While we're on the soup kick, I thought I'd add my latest favorite (up until the new tomato soup recipe, of course). It's not super simple, but the results are totally worth the half-hour or so in the kitchen. Very creamy and satisfying. NOT, however, healthy, I wouldn't think.
Ingredients:
1 tablespoon olive oil
7 small boneless, skinless chicken thighs (I used chicken breasts instead)
2 tablespoons butter
1 large onion, chopped
2 celery ribs, sliced
2 carrots, sliced
5 cups low-sodium chicken broth (I used water with chicken boullion b/c I had it)
2 teaspoons chopped fresh thyme OR 1/2 teaspoon dried thyme
Salt
Pepper
1/2 cup heavy cream
2 tablespoons cornstarch
1 (10.2 oz) can refrigerated buttermilk biscuits
All purpose flour (for dusting buscuits)
1 tablespoon fresh lemon juice
1/4 cup fresh chives or parsley
1. Heat olive oil in a large pot over medium-high heat. Cook chicken 6 minutes on each side or until lightly browned. (Chicken may not be cooked all the way through, but that's okay b/c it will finish up when in broth.) Cut chicken into bitesize pieces and set aside.
2. Sautee onion, celery, and carrots in the butter for 3 minutes. Stir in broth and next 3 ingredients. Bring to boil and reduce heat. Simmer, covered, 5 minutes.
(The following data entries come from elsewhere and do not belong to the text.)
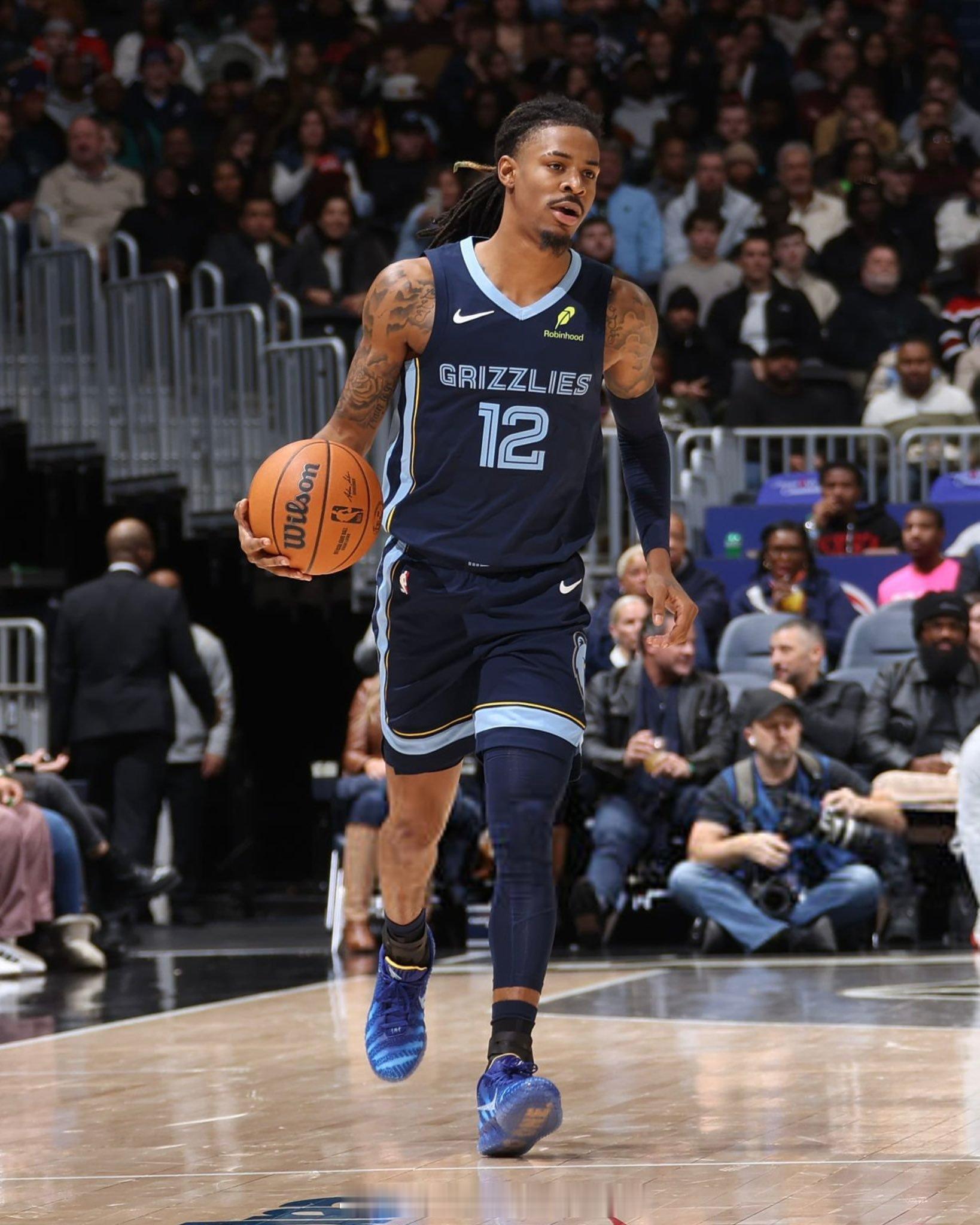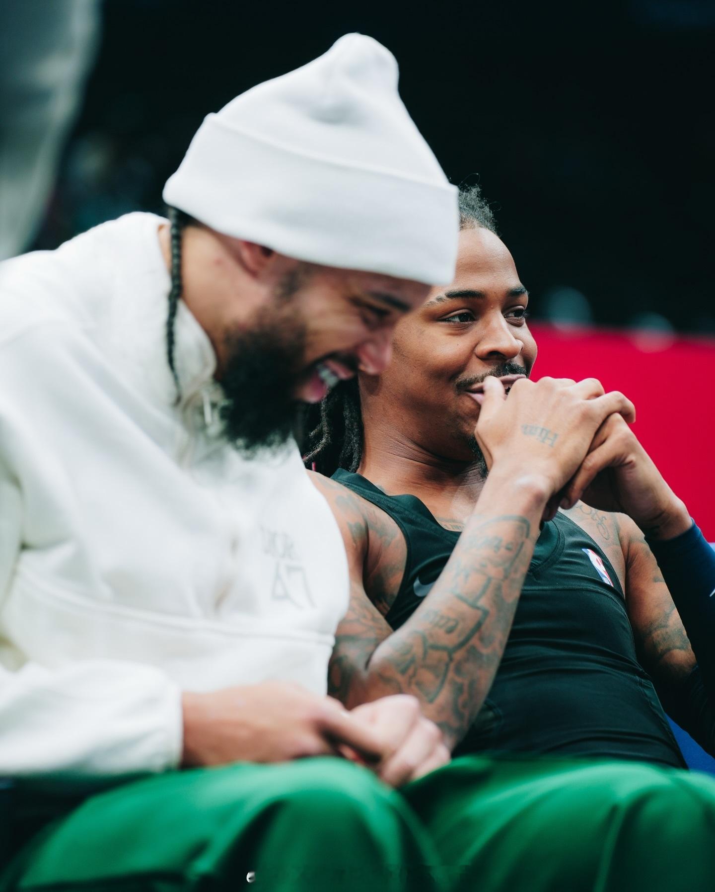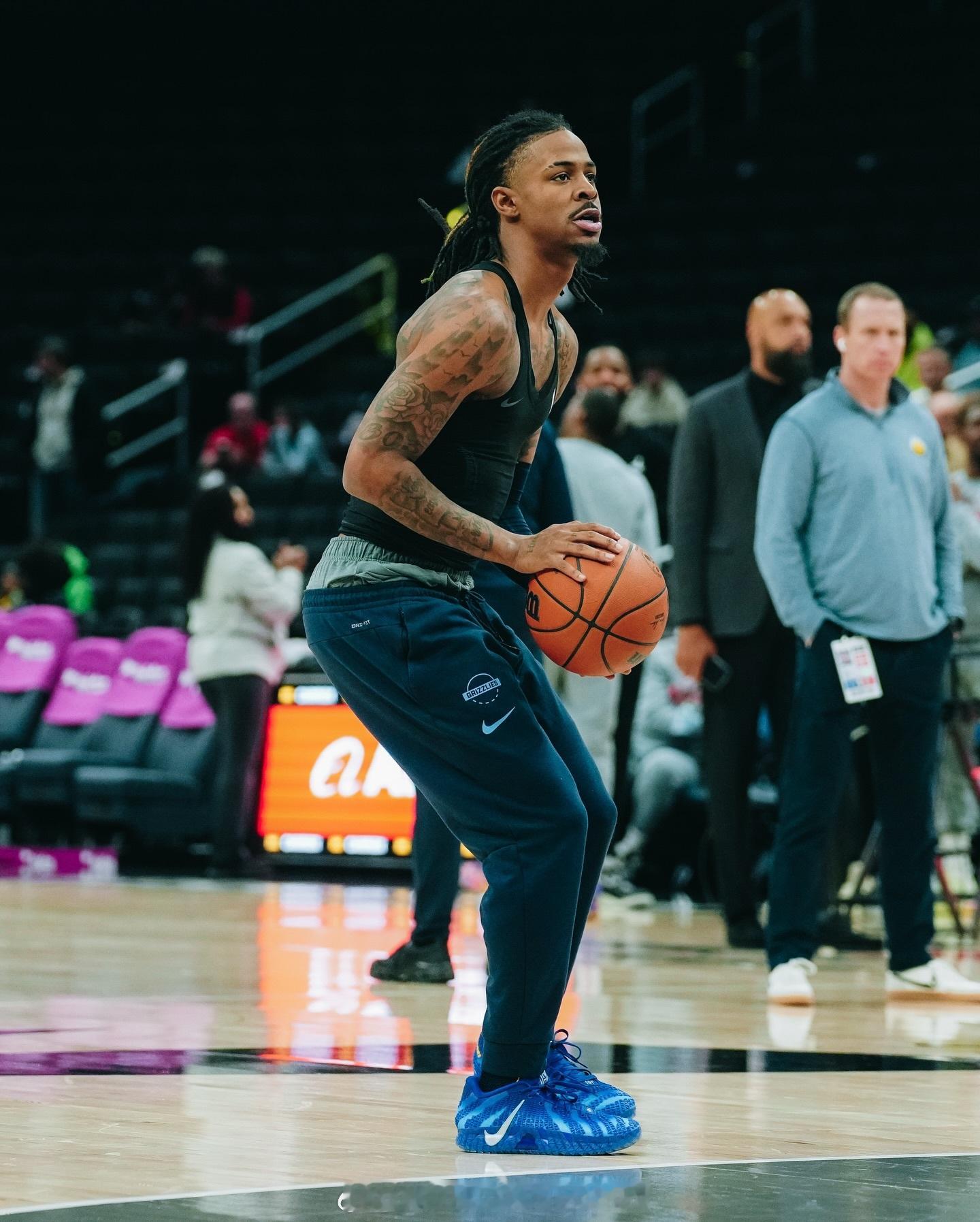 莫兰特今日赛场照 !上脚Ja 3新配色更是细节满满,莫兰特座右铭“Beneath No One”以及女儿的名字“Kaari”都展示在了球鞋中!莫兰特热爱篮不住莫兰特三代
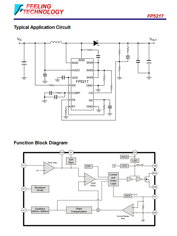 FP5217是用于廣泛工作電壓應用的升壓拓撲開關調節器。其內置的15mΩ功率MOSFET使該調節器具有高度的功率高效。誤差放大器的非反相輸入連接到一個1.2V的精度參考電壓。它具有由外部電阻器設置的可編程開關頻率,并且可編程電感器的峰值電流極限將電阻器從CS連接到GND。電流模式控制和外部補償網絡使系統穩定簡單靈活。
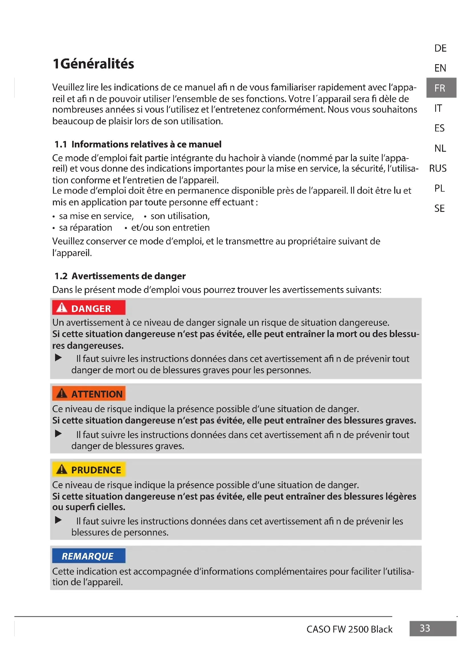 Retrouvez gratuitement la notice de l'appareil FW 2500 CASO au format PDF.
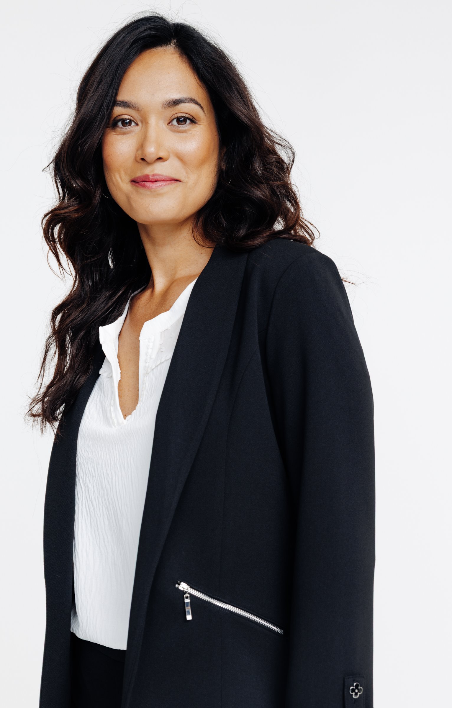 Notre mannequin Bérengère mesure 1m76 et porte une veste taille 36.
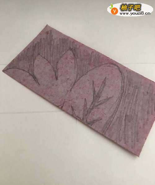2第二步 对折好之后 再把它竖起来 双边放在左边 然后拿起绘图铅笔画上几瓣简单的荷花草图轮廓
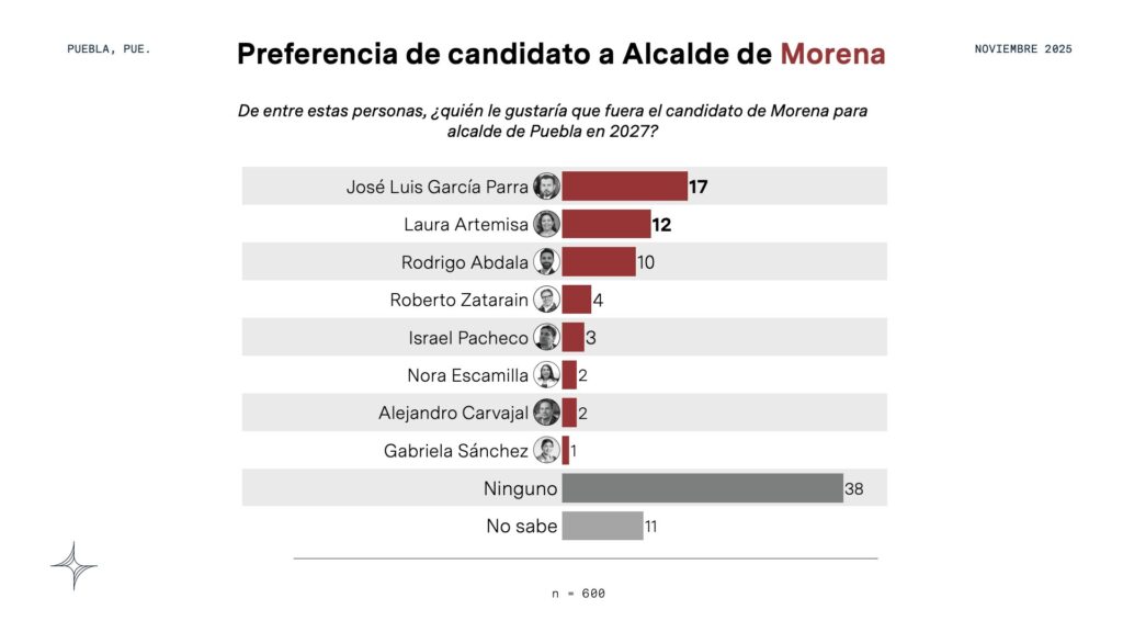 A casi dos años de la contienda municipal, Morena se posiciona como la fuerza política con mayor respaldo en la capital poblana. De acuerdo con la más reciente medición de la casa encuestadora Áltica (noviembre de 2025), los posibles abanderados de ese partido se colocan al frente en las preferencias rumbo a la alcaldía de Puebla 2027.
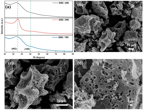 (a) XRD curves of HBC-400, HBC-500, and HBC-700; (b–d) SEM image of HBC-500.
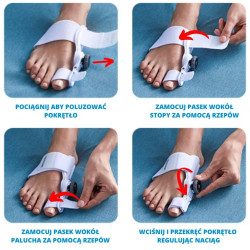 Zakładanie: Włóż stopę w aparat. Zapnij rzepy w kolejności: wokół palucha, wokół śródstopia, a na końcu pasek za piętą.
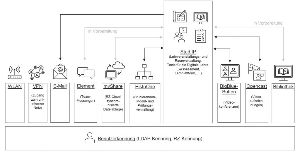 Das Herzstück des digitalen Lehrpakets an der Universität Osnabrück bildet Stud.IP. Hier verwalten alle Angehörigen der Universität ihre Veranstaltungen, legen Zeiten und Ablaufpläne fest, stellen Dateien und Informationen zur Verfügung oder verwalten die Liste der Teilnehmenden. Innerhalb der Veranstaltungsseite in Stud.IP stehen den Lehrenden viele weitere Dienste zur Verfügung, alle mit direkter Einbindung in die Veranstaltung.

3. Whisk together cream and cornstarch in a small bowl; stir into simmering broth.
4. Cut each biscuit into quarters and dredge pieces in flour, shaking off excess. Add biscuits to broth and cook, partially covered, 3 minutes on each side or until biscuits are firm to the touch (I think it takes a little longer than 3 minutes, but what do I know?)
5. Add chicken, lemon juice, and chives to broth; simmer until chicken is heated through. Season with additional salt and pepper, if desired.